2/3. Once again still not hitting the steps; because I lose that incidental stuff. Really going well with exercise; 6ish days a week this week but multiple sessions this week. In some nice news for someone who is not a great runner my running endurance seems to have gone way up. I played a game of indoor soccer on Wednesday and was on the pitch for most of it and just about died running. That was the first game I have ever played on the pitch. Then on Sunday we played a 5aSide game at our home ground (some of the girls from the club and a boyfriend of one of them + our coach).
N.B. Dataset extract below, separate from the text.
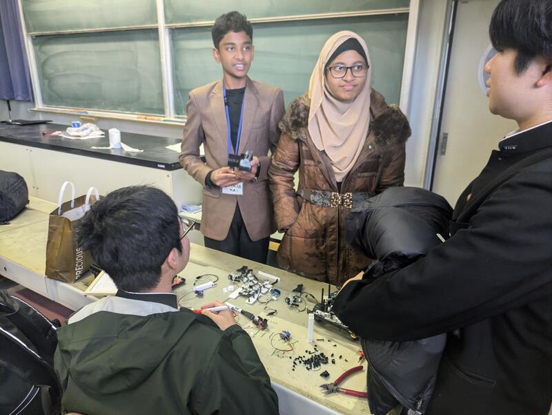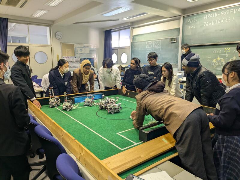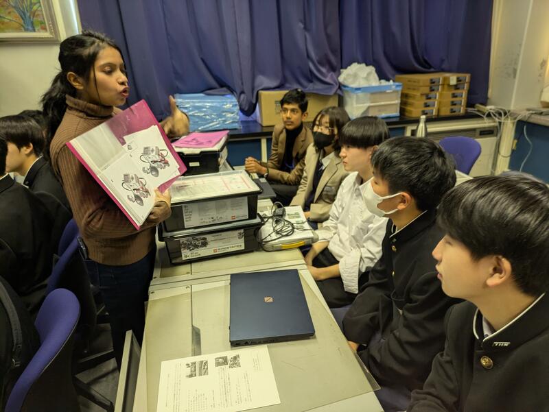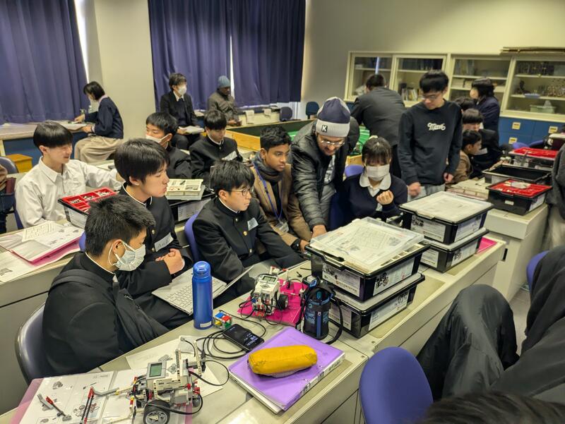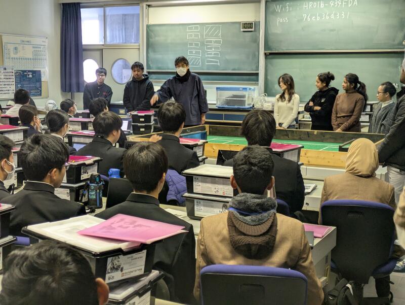 1年生全員を対象とし、群馬大学理工学部の山田功教授ならびに研究室所属の博士留学生によるワークショップを英語で行いました。中国、ベトナム、タイ、パキスタン等の留学生が各クラスに分かれ、母国や大学の研究内容の紹介をしていただき、その後、本校生徒から英語での質疑が活発に行われました。また、「passive walk robot」の製作を留学生や本校生徒と英語を交えながら協働して行いました。

Our coach sent me up mid/forward and made sure I was running a lot. I even scored a few goals. I was definitely not dying. That night I kept for my team then subbed for the top team against the second top team and ran the whole game on pitch and did pretty decently. My tank was definitely empty but I didn't feel like I was dying quite as much. Quite sore today but in a good way.

 

4. I had some bad food this week and got closer to it. I think very soon I will be dropping the budget quite a bit so that I actually have to think more about what I'm buying. (Looks like junk food, booze, and cafe coffees are going to have to go if I get the job I think I on the salary they might offer; especially if I want to keep all my sports memberships and stuff which is a very important part of my life).

 

5. Much closer. I just have to go through and vacuum and mop and then my house is in an adult condition - now I just need to keep it that way.